Fahren bis der Sattel raucht
Mein Ziel ist ankommen vor 17:00 Uhr und das wird für meine Verhältnisse verdammt hart
@leeqwar Weicheier sind die ,die nicht mitfahren 
@klostertrailer keine Ahnung?
@007ike dann fahrn wir wohl mit dem gleichen Vorsatz.Wann willst du denn im Ziel sein?
@Chris was macht die Verletzung ? bist du dabei?
Hat jemand Erfahrungen aus dem letzten Jahr die er an Ersttäter weitergeben möchte? Was gibts zur Strecke zu sagen? Wo ist es kritisch ?


----------



## chris84 (30. Juni 2005)

ne, ich bin noch nicht dabei!

ich sach mal übernächstes Wochenende, da werd ich wohl hoffentlich wieder die erste Runde drehen. Der Finger ist zwar zwischenzeitlich wieder recht fit (ab morgen gehe ich wieder arbeiten), aber es is mir einfach zu gefährlich, kleiner Sturz und das Ding is wieder kaputt. Im Moment bin ich fleißig am laufen... hoffentlich reicht das um die Kondition beizubehalten. Muskelkater hatte ich auf jeden Fall schon genug. bin mal gespannt... 

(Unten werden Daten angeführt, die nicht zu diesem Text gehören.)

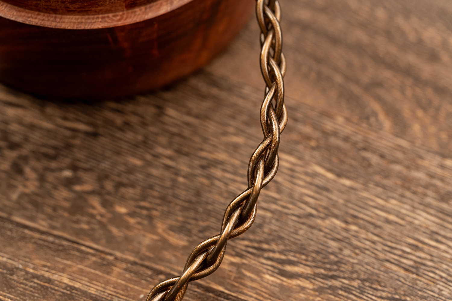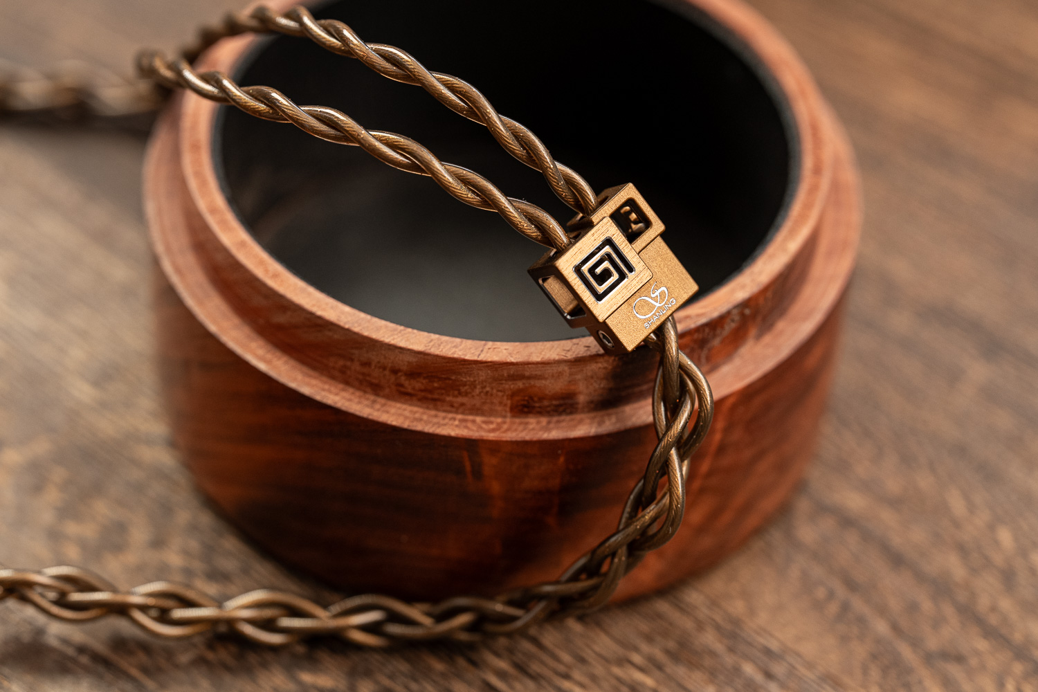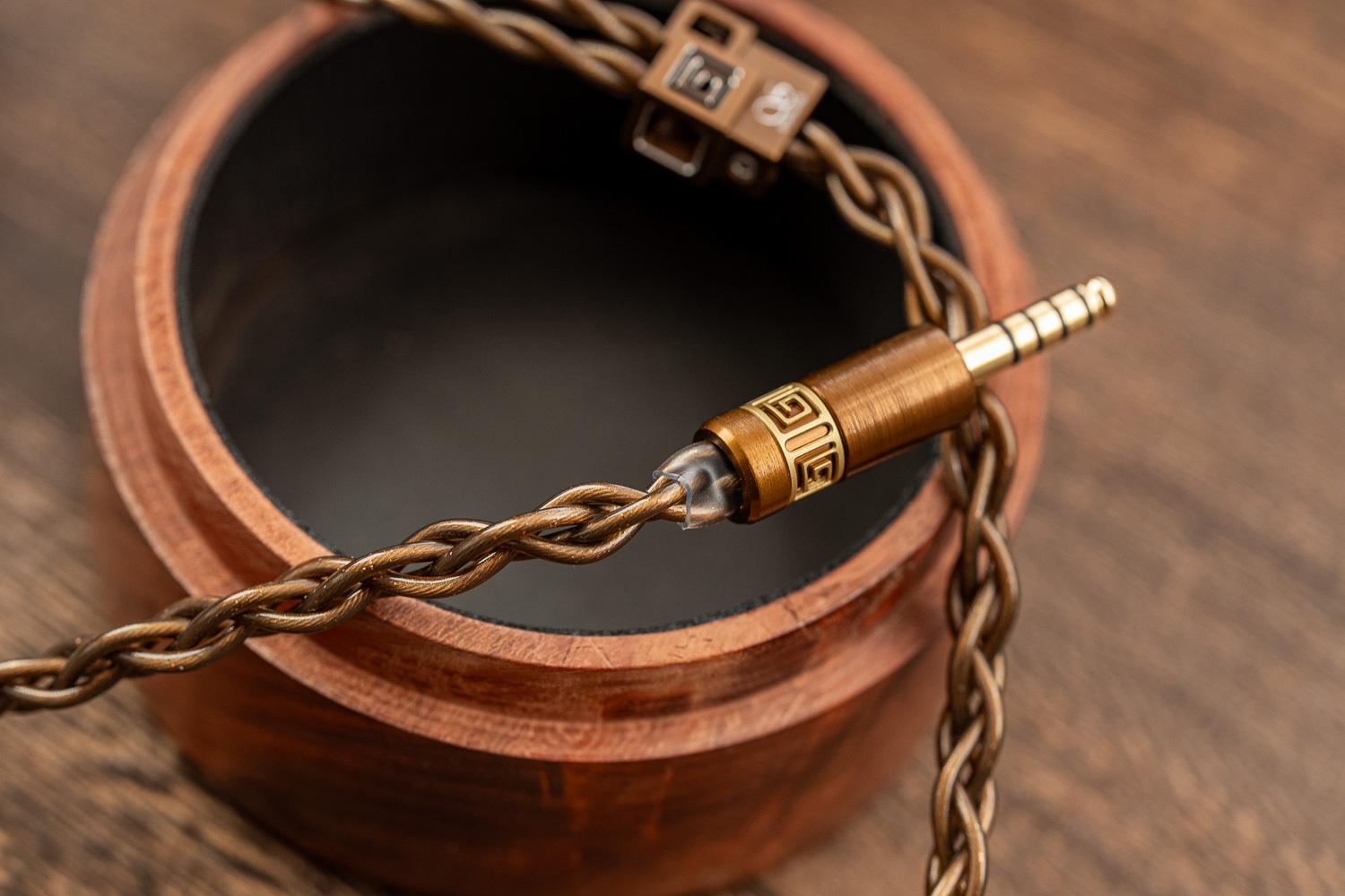 外观的选材设计和配色上,山灵还是下了功夫的、从宏观到细节都呈现出了国风质感,线材的内部是一种深琥珀色,而金属件的部分都采用了同色系的拉丝工艺,分线器与插头部分的纹路也非常具备中式美学的观感,且本身Majestic系列都属于木材工艺,EL1000能够在视觉层面起到非常协调的搭配作用,尤其是适合标准版、金丝楠木版和黄金樟版,美感协调度浑然天成。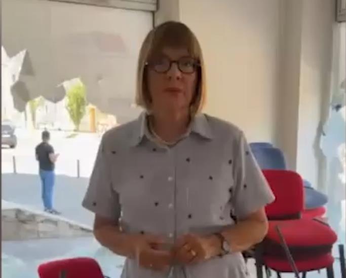 Predsednica Pokrajinske vlade Maja Gojković obratila se iz stranačkih prostorija SNS u Stražilovskoj ulici u Novom Sadu koje su blokaderi potpuno uništili prethodne noći.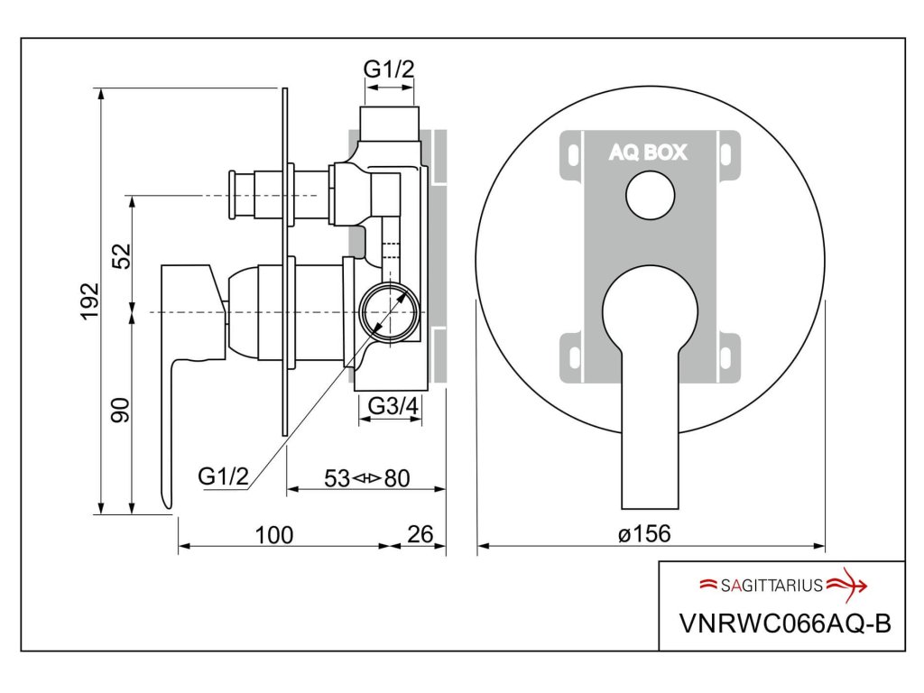 Páková sprchová podomietková vodovodná batéria pre 2 odberné miesta. Batéria je dodávaná s AQ-boxom (podomietkové teleso v plastovom boxe).
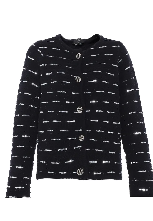 faina Gebreid vest zwart / zilver Prijzen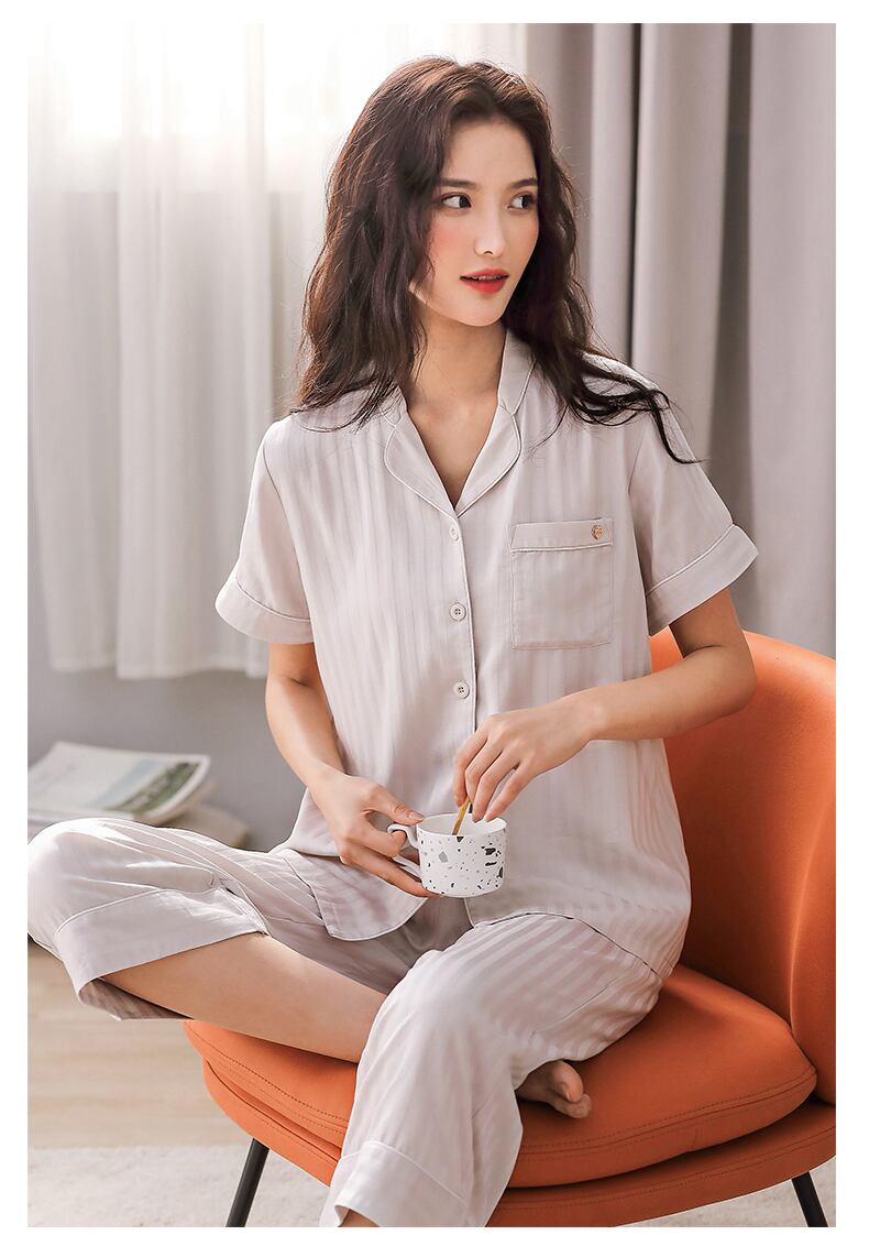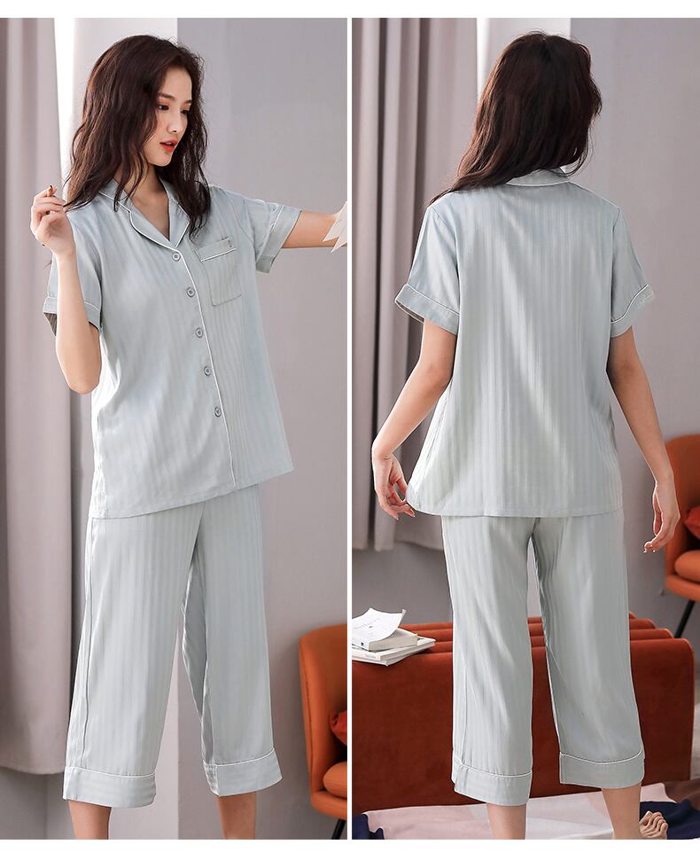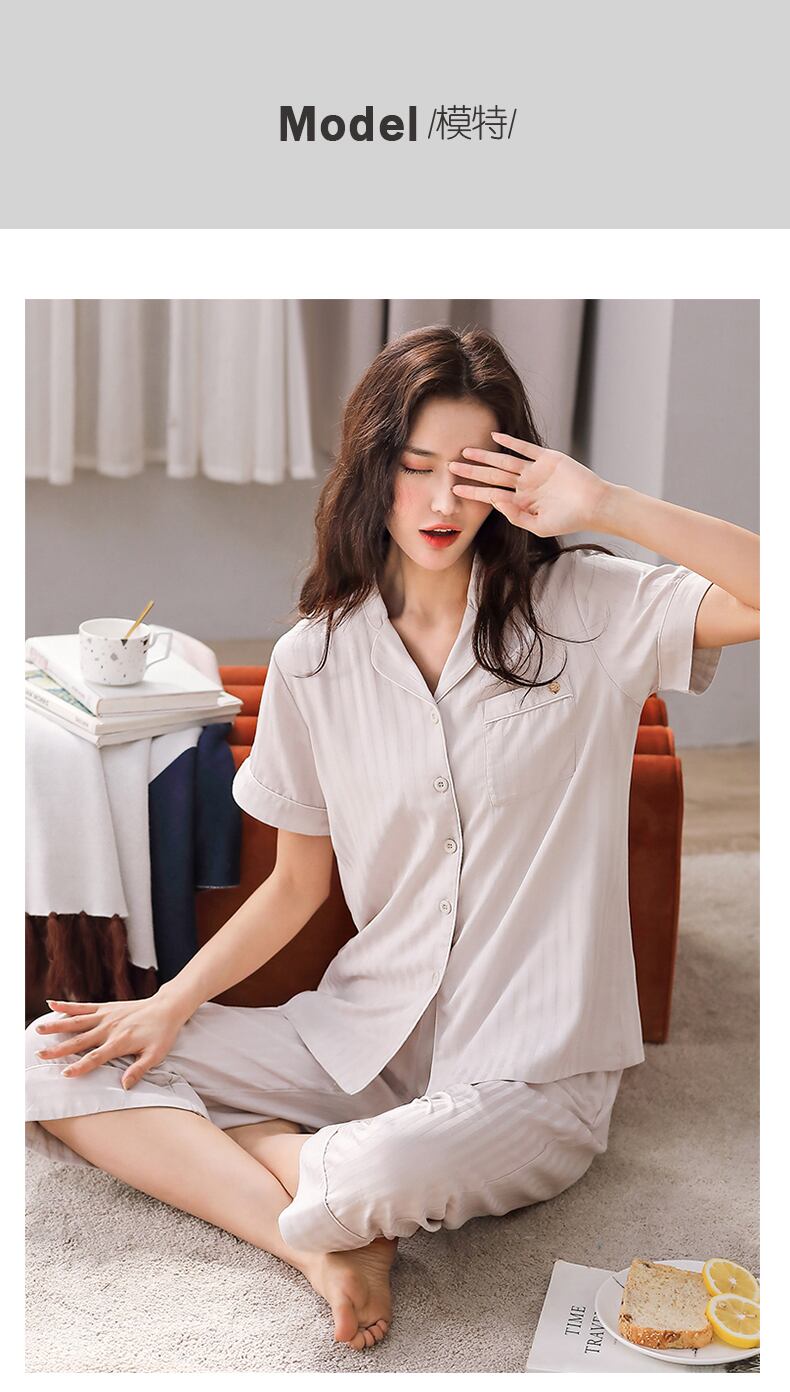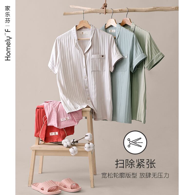 織り綿ガーゼパジャマレディース夏綿半袖ズボンホームサービス夏薄綿ツーピーススーツ jial9069526182
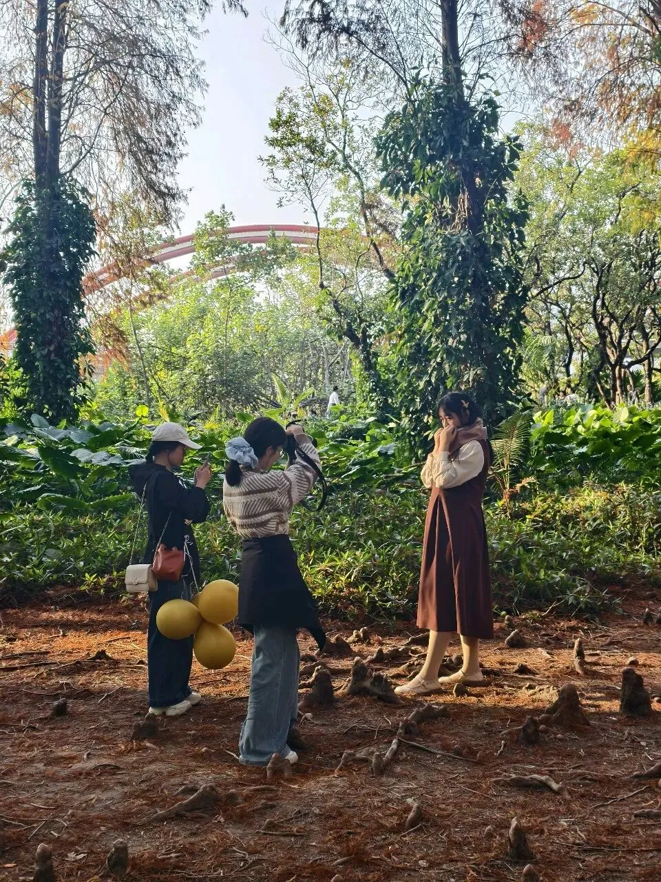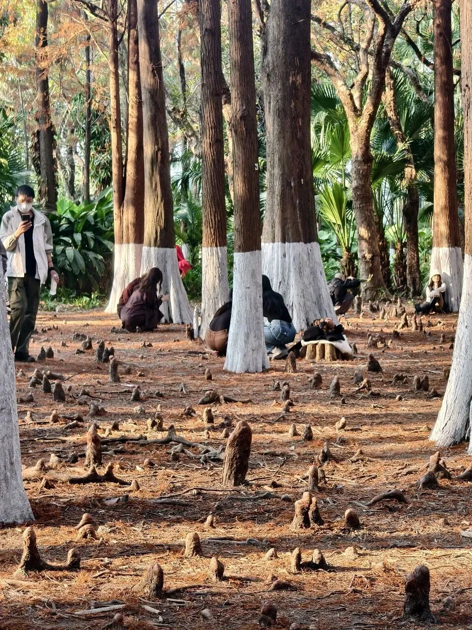我随手按下快门,拍高耸入云的杉树与湛蓝的天空同框,拍林间拍照的人群,拍蹲在地上认真玩石子的孩子,拍地面上形似石笋的根茎,每一张照片,都藏着不刻意的美好。这份不刻意的治愈,便是杉林最好的馈赠。

Melde mich sobalds wieder los gehen kann! mir brennts schon regelrecht in den Beinen   

Gruß
Chris


----------



## 007ike (1. Juli 2005)

Mal sehen, 9 Uhr ist Start, dann wohl so zwischen 14.30 und 15.30 Uhr.
Die Strecke kostet viele Körner, da es viele Rampen gibt, die über Wiesen oder Wurzeltrails gehen. Insgesamt ist ein Fully die bessere Wahl für diesen Marathon wegen den vielen Wurzelpassagen. Das kostet auf die Diestanz einfach viel Kraft. Der Rücken wird auch hart gebeutelt, ne stabile Muskulatur ist hier was wert.
Ansonsten erinnere ich mich nur eine eine technisch schwere Stelle an einem Hang entlang.
Die Reifen sollten schon stabil sein, es gab hier immer viele Pannen.


----------



## Limit83 (1. Juli 2005)

007ike schrieb:
			
		

> Mal sehen, 9 Uhr ist Start, dann wohl so zwischen 14.30 und 15.30 Uhr.
> Die Strecke kostet viele Körner, da es viele Rampen gibt, die über Wiesen oder Wurzeltrails gehen. Insgesamt ist ein Fully die bessere Wahl für diesen Marathon wegen den vielen Wurzelpassagen. Das kostet auf die Diestanz einfach viel Kraft. Der Rücken wird auch hart gebeutelt, ne stabile Muskulatur ist hier was wert.
> Ansonsten erinnere ich mich nur eine eine technisch schwere Stelle an einem Hang entlang.
> Die Reifen sollten schon stabil sein, es gab hier immer viele Pannen.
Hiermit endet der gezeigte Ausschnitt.